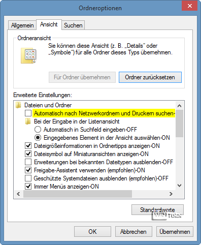 „Automatisch nach Netzwerkordnern und Druckern suchen“ kann unter Vista, Windows 7 und Windows 8 nur in der Registry geändert werden und nicht mehr wie unter Windows XP-Zeiten in den „Ordneroptionen“.
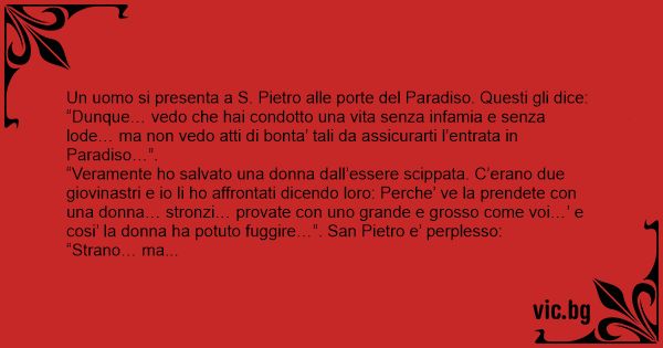 Un uomo si presenta a S. Pietro alle porte del Paradiso. Questi gli dice:
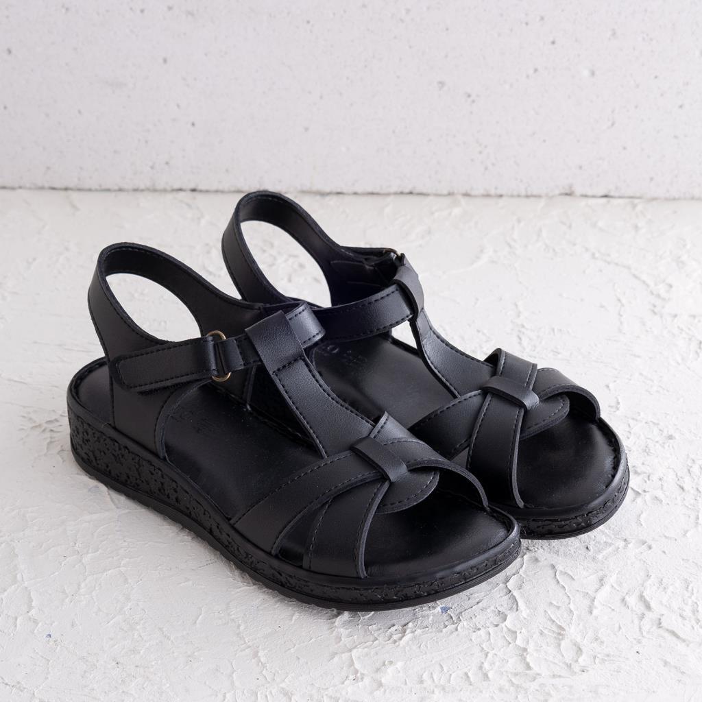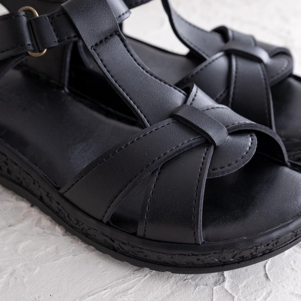 Numba Siyah Hakiki Deri Çapraz Bantlı Kadın Terlik
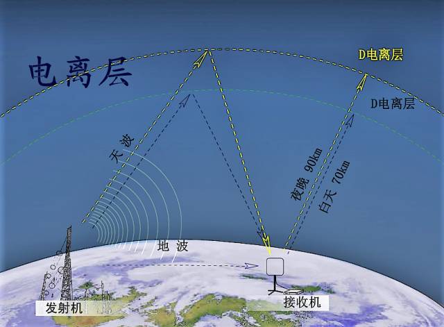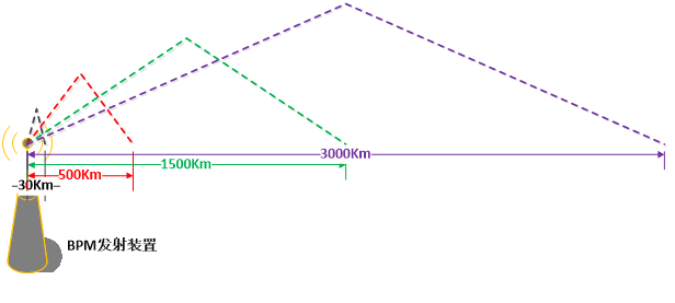 长波授时系统的信号通过地波和天波传播。地波传播是通过大地传导无线电信号,信号稳定,授时性能可靠;天波传播是靠电离层反射,由于夜晚电离层高度高于白天,因此天波传播路径有昼夜区别,授时性能较差。一个长波授时台信号的覆盖范围地波约1000千米,天波≤1500千米。我国的长波授时系统覆盖范围为我国内陆及近海海域,定时精度为微秒量级。利用长波(低频)进行时间频率传递与校准,是一种覆盖能力比短波强,校准的准确度更高的授时方法。

• [What you should do] All lines from the beginning of the material above through the line holding "Numba Siyah Hakiki" are to be given again exactly, and no others; pictures do not go in.

• [Solution to this problem]
 „Automatisch nach Netzwerkordnern und Druckern suchen“ kann unter Vista, Windows 7 und Windows 8 nur in der Registry geändert werden und nicht mehr wie unter Windows XP-Zeiten in den „Ordneroptionen“.
 Un uomo si presenta a S. Pietro alle porte del Paradiso. Questi gli dice:
 Numba Siyah Hakiki Deri Çapraz Bantlı Kadın Terlik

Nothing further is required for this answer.